Scène

Nino Katamadze, une âme géorgienne

Par BENJAMIN HUTTER

Inutile de parler politique ou vie quotidienne avec Nino Katamadze : la chanteuse géorgienne ne jure que par la poésie. Avec nous elle évoque ses premiers pas sur les planches, la beauté de sa langue natale et son amour de la Géorgie.

Photo Benjamin Hutter

« Venez en Géorgie ». Sur scène, dans le public, entre les morceaux et par ses chansons, Nino Katamadze veut faire passer le message. Et elle y met les moyens : pour sa tournée actuelle elle est accompagnée par deux orchestres en plus de son groupe, soit environ cinquante musiciens sur les planches. C’est puissant, c’est profond, c’est plein d’âme. « Tous ceux qui mettent les pieds dans notre pays se sentent différents. Il y a en Géorgie une profondeur et des couleurs uniques. J’aimerais qu’après m’avoir écoutée, les gens aient envie de venir », livre-t-elle.

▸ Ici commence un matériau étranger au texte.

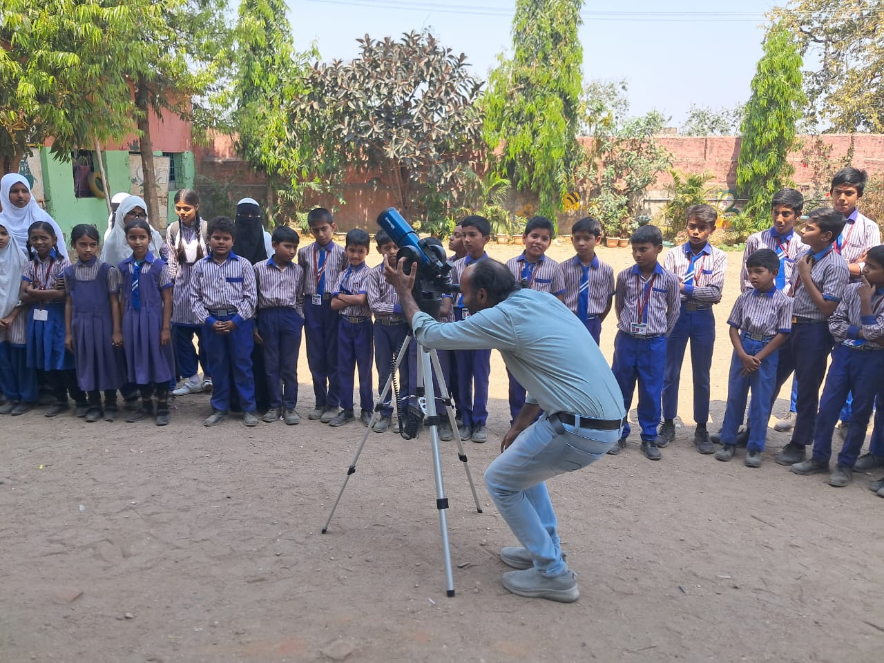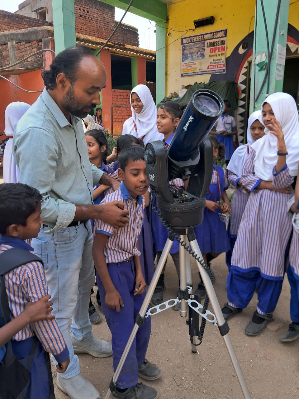 Sajid Hussain showing the use of telescope to children
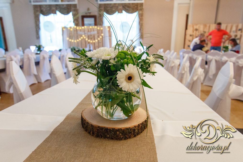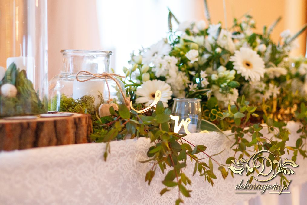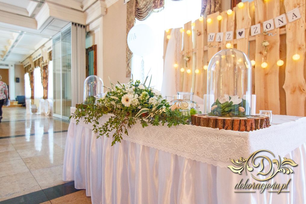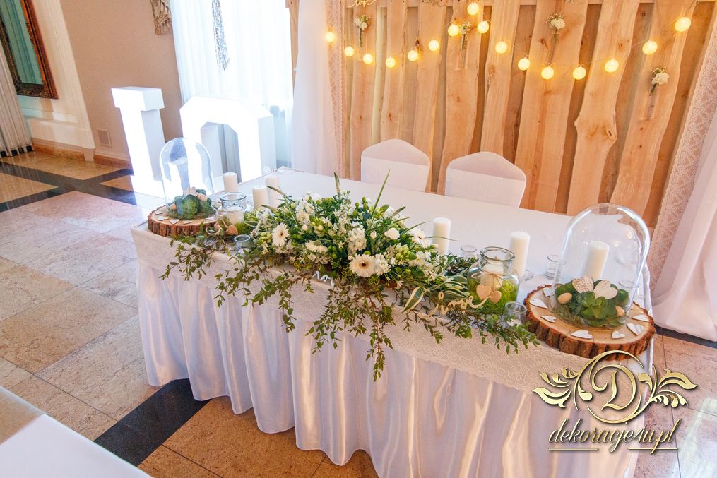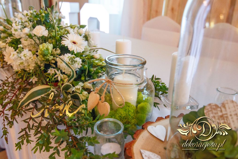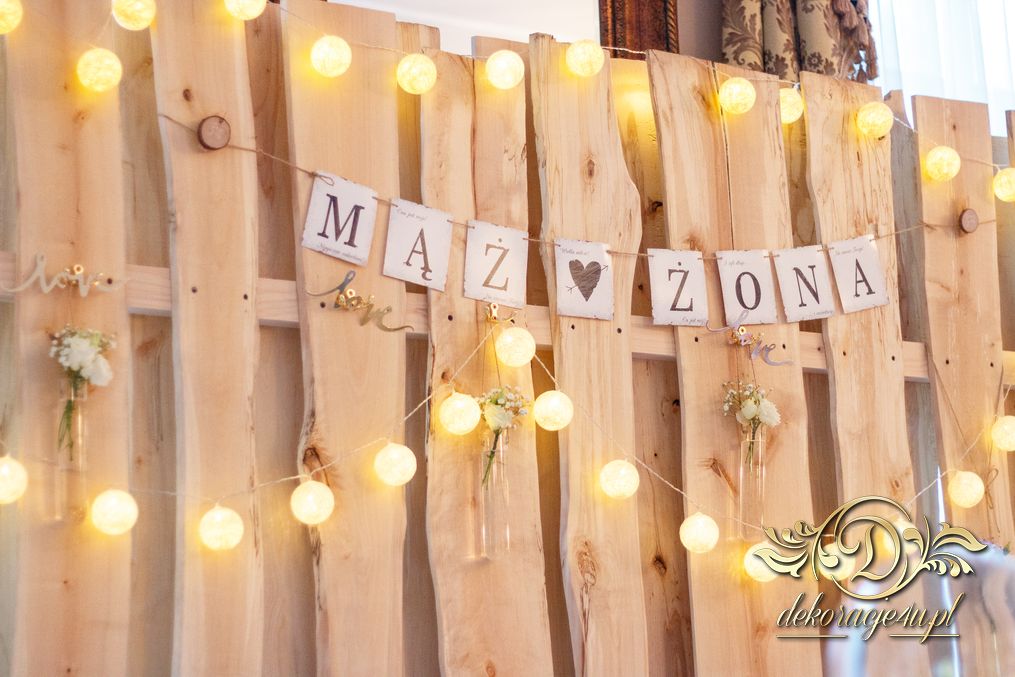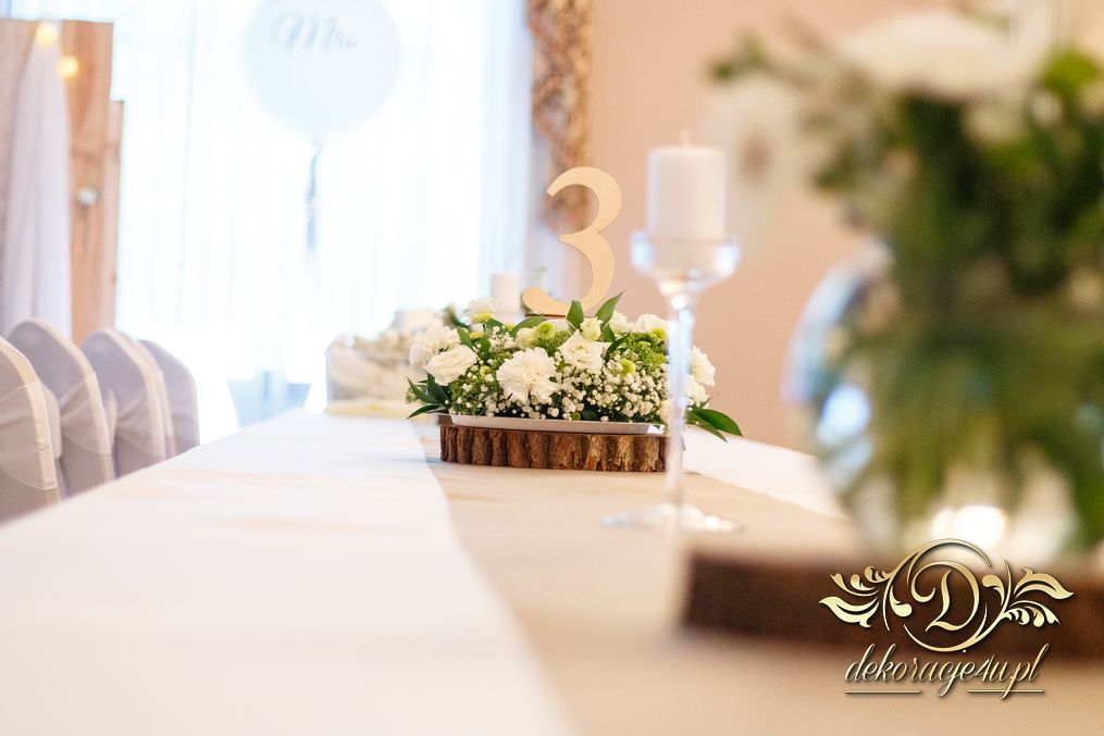 Tego wesela nie da się opisać, to trzeba po postu zobaczyć na zdjęciach. W wielkim skrócie: ogromny napis LOVE, pokrowce elastyczne, kwiaty, świece, drewno. Całość do tego miejsca wkomponowana idealnie. Radość Pani i Pana Młodego - supeeeer.
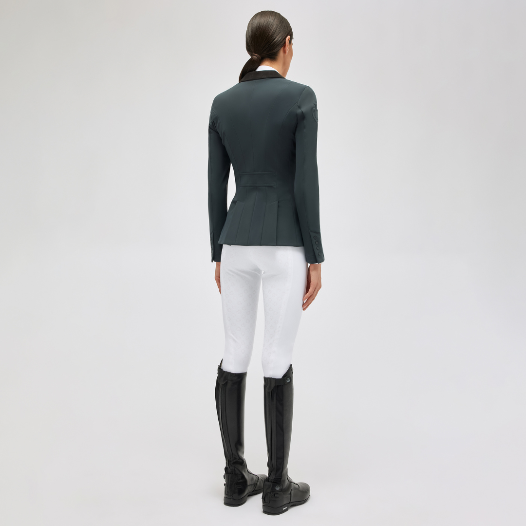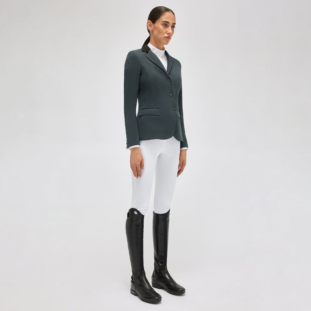 Klassisk stævnejakke fra Cavalleria Toascana til damer er lavet af teknisk 4-vejs stretch jersey, som er både elegant og åndbart. Stoffet har antibakterielle egenskaber og er vandafvisende, samt UV-beskyttende. Jakken har en alcantara-krave og kontrastfarvede piping i kanterne, to frontlommer og lynlås sjult bag knapper.

Elle ne veut pas dire « pour ses paysages » ni « pour son bon vin ». Quand on lui demande ce que représente pour elle la Géorgie, la chanteuse répond en six mots : ouverture, température, générosité, don de soi, les yeux, les oiseaux.

« Peintre de la couleur géorgienne »

Nino Katamadze raconte son pays en version originale. « Chanter des amours géorgiens ou des souvenirs d’enfance en anglais, sans la phonétique et les couleurs de ma langue, aurait été un non-sens ». Alors elle compose avec ses propres tons et rêve de devenir « peintre de la couleur géorgienne ». Ses albums seront donc White (2006), Black (2006), Blue (2008), Red (2010) et Green (2011).

Pour comprendre cette image il faut la voir à l’œuvre dans le film documentaire qui lui est consacré, Русалка (« La Sirène », disponible sur son site). En quelques minutes elle suggère le chaos à son bassiste, le cosmos à son guitariste et improvise une mélodie. Un nouveau morceau est né sous l’œil de la caméra. Sans vraiment de rythme, sans vraiment de repères. Mais tout de suite : on sent la Géorgie.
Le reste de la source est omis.